Directions
If pictures appear in the lines below, skip them and copy exactly the lines from the one containing "NACHTFALTEN KAPITEL 1" through the one containing "The infamous fairy", and nothing else.

Task inputs
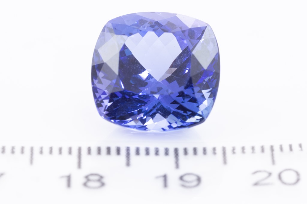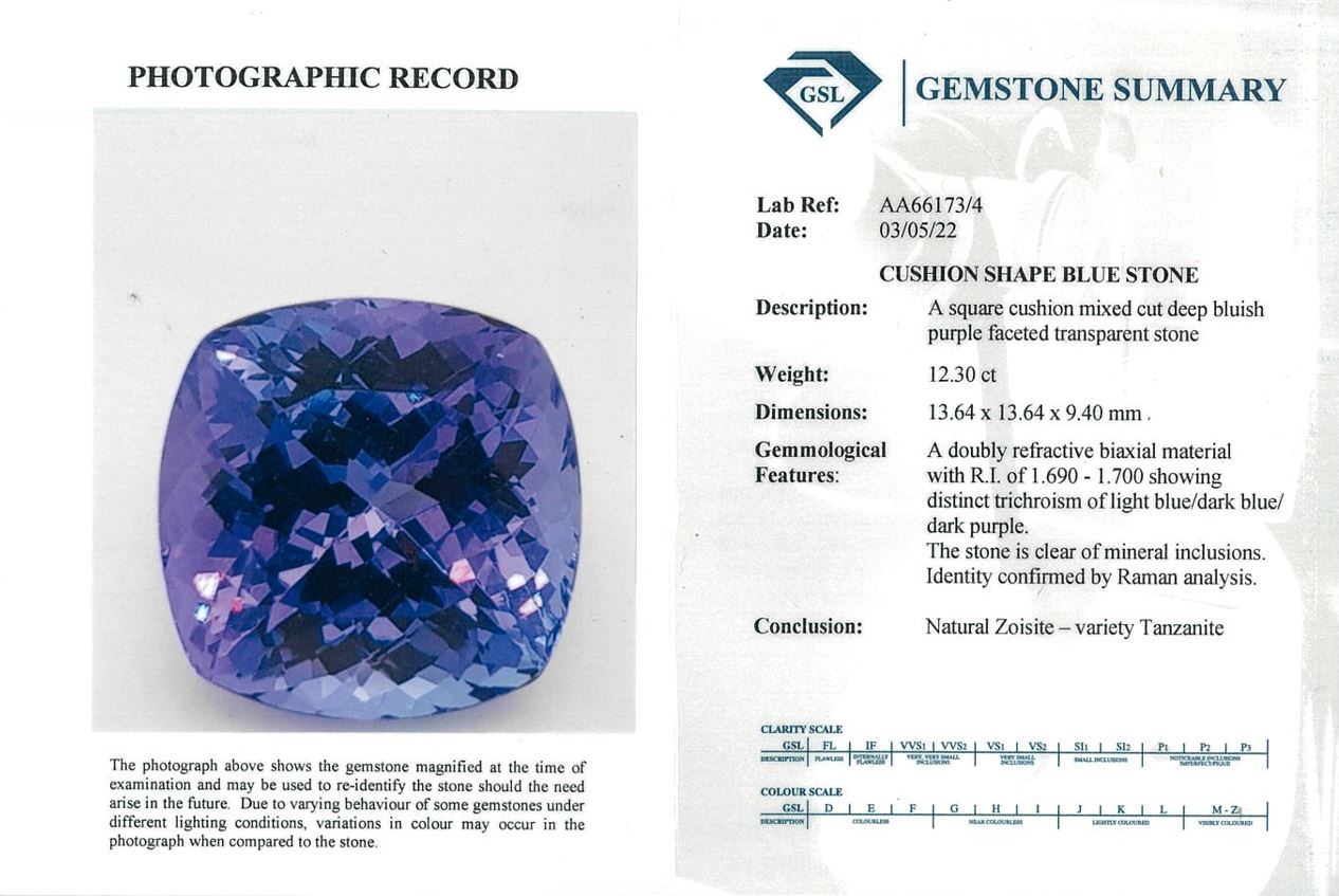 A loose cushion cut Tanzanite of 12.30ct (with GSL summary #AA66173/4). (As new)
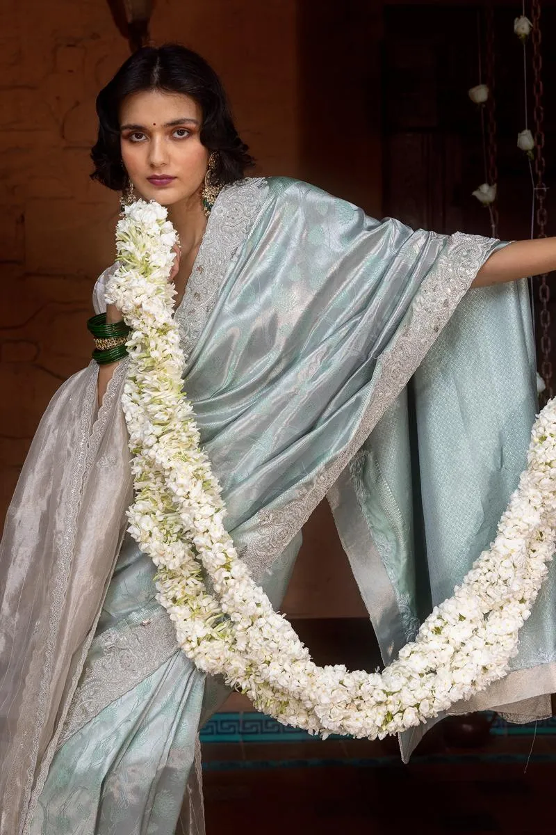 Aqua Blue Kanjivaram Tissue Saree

==

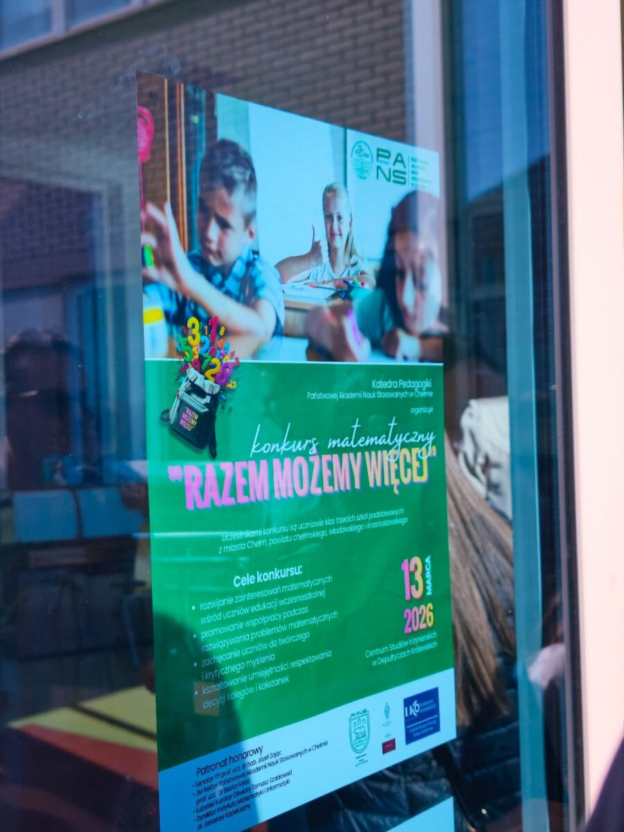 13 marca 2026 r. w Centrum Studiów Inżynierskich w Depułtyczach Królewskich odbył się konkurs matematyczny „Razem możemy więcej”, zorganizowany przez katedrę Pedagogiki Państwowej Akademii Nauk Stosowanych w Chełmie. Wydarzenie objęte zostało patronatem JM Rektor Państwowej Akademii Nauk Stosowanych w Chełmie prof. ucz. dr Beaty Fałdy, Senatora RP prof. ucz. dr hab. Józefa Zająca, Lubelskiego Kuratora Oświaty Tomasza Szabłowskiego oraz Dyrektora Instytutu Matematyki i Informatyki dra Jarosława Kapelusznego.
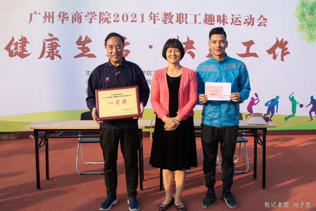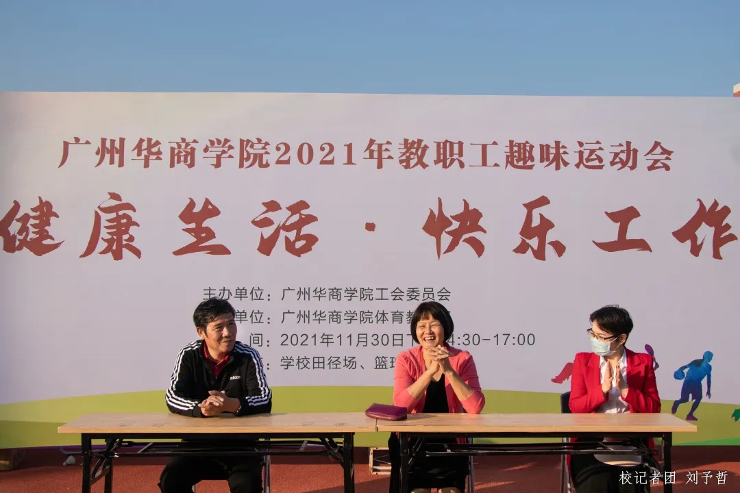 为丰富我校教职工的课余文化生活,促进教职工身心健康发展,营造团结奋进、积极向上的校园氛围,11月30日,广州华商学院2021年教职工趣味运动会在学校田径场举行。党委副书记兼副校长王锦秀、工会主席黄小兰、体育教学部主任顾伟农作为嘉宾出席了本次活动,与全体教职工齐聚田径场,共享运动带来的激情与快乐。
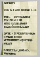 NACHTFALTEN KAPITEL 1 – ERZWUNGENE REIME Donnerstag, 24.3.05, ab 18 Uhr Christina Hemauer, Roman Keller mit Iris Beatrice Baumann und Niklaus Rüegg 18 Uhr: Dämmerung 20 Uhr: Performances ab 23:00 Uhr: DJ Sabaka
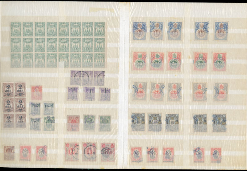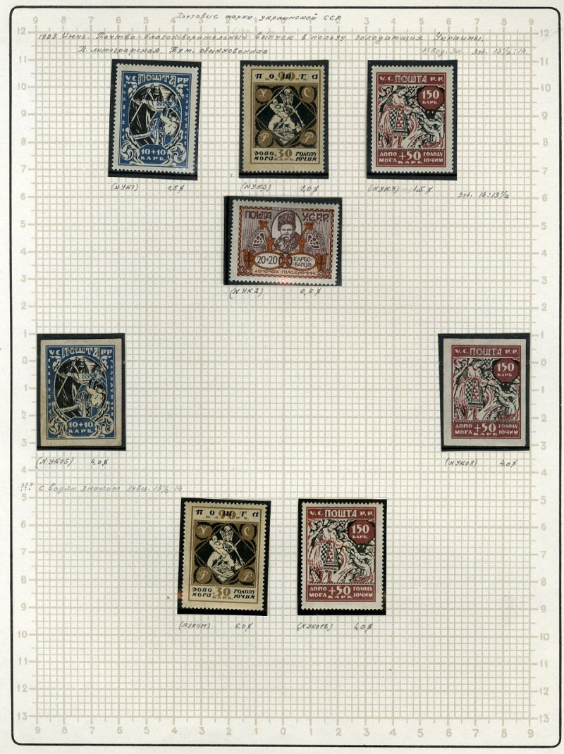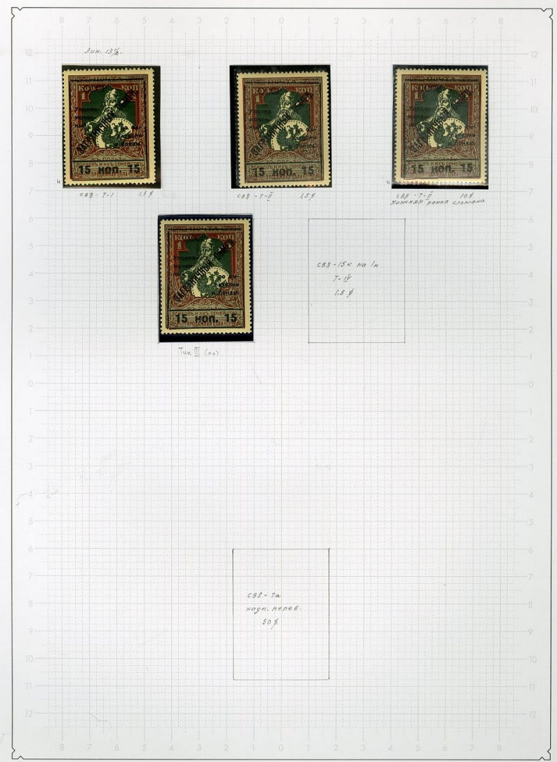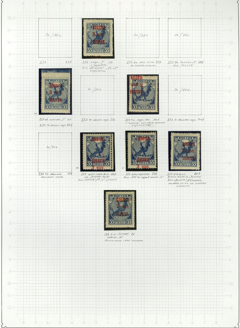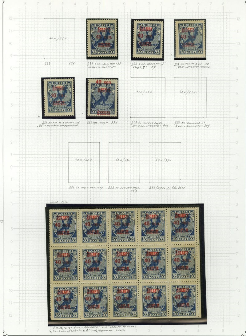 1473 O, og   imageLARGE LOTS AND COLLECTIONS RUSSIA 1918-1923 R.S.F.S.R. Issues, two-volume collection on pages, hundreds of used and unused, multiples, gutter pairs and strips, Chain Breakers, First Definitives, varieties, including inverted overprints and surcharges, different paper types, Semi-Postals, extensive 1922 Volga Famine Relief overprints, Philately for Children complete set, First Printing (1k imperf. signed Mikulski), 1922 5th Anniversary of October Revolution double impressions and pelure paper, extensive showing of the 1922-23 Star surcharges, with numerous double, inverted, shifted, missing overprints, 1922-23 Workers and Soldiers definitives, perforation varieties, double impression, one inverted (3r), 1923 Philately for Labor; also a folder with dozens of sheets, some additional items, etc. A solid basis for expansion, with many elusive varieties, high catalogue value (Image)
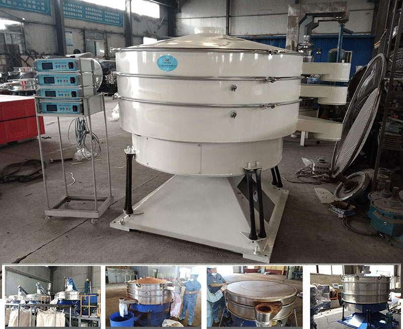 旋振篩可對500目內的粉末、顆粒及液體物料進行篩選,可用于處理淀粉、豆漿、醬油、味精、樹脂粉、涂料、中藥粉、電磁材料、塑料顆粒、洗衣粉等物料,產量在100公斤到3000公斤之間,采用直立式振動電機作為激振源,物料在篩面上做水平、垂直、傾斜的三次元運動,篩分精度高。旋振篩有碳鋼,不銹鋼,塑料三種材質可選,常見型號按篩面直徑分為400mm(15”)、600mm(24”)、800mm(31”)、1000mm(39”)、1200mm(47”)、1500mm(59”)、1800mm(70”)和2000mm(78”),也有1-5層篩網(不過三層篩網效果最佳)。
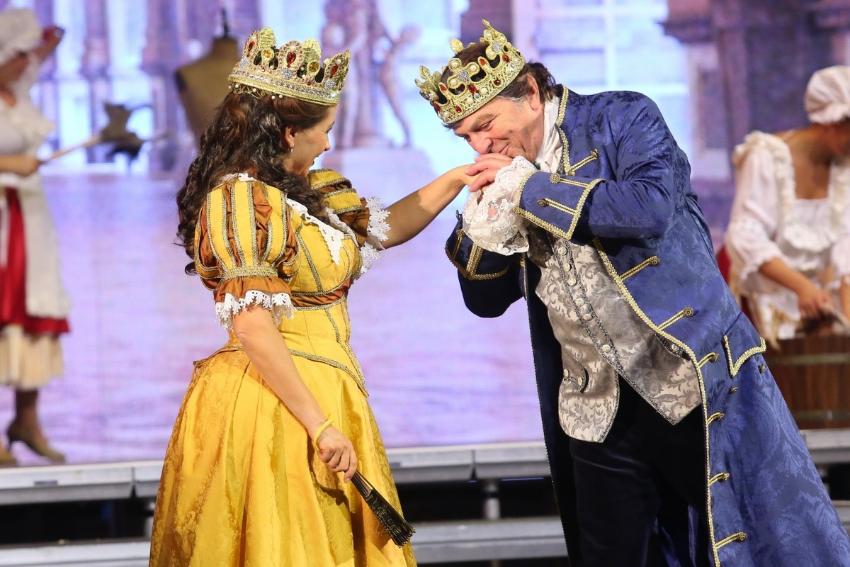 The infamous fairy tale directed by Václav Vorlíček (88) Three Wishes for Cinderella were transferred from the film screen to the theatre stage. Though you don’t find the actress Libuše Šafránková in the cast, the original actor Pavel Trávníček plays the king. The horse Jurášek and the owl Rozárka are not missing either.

Solution
 NACHTFALTEN KAPITEL 1 – ERZWUNGENE REIME Donnerstag, 24.3.05, ab 18 Uhr Christina Hemauer, Roman Keller mit Iris Beatrice Baumann und Niklaus Rüegg 18 Uhr: Dämmerung 20 Uhr: Performances ab 23:00 Uhr: DJ Sabaka
 1473 O, og   imageLARGE LOTS AND COLLECTIONS RUSSIA 1918-1923 R.S.F.S.R. Issues, two-volume collection on pages, hundreds of used and unused, multiples, gutter pairs and strips, Chain Breakers, First Definitives, varieties, including inverted overprints and surcharges, different paper types, Semi-Postals, extensive 1922 Volga Famine Relief overprints, Philately for Children complete set, First Printing (1k imperf. signed Mikulski), 1922 5th Anniversary of October Revolution double impressions and pelure paper, extensive showing of the 1922-23 Star surcharges, with numerous double, inverted, shifted, missing overprints, 1922-23 Workers and Soldiers definitives, perforation varieties, double impression, one inverted (3r), 1923 Philately for Labor; also a folder with dozens of sheets, some additional items, etc. A solid basis for expansion, with many elusive varieties, high catalogue value (Image)
 旋振篩可對500目內的粉末、顆粒及液體物料進行篩選,可用于處理淀粉、豆漿、醬油、味精、樹脂粉、涂料、中藥粉、電磁材料、塑料顆粒、洗衣粉等物料,產量在100公斤到3000公斤之間,采用直立式振動電機作為激振源,物料在篩面上做水平、垂直、傾斜的三次元運動,篩分精度高。旋振篩有碳鋼,不銹鋼,塑料三種材質可選,常見型號按篩面直徑分為400mm(15”)、600mm(24”)、800mm(31”)、1000mm(39”)、1200mm(47”)、1500mm(59”)、1800mm(70”)和2000mm(78”),也有1-5層篩網(不過三層篩網效果最佳)。
 The infamous fairy tale directed by Václav Vorlíček (88) Three Wishes for Cinderella were transferred from the film screen to the theatre stage. Though you don’t find the actress Libuše Šafránková in the cast, the original actor Pavel Trávníček plays the king. The horse Jurášek and the owl Rozárka are not missing either.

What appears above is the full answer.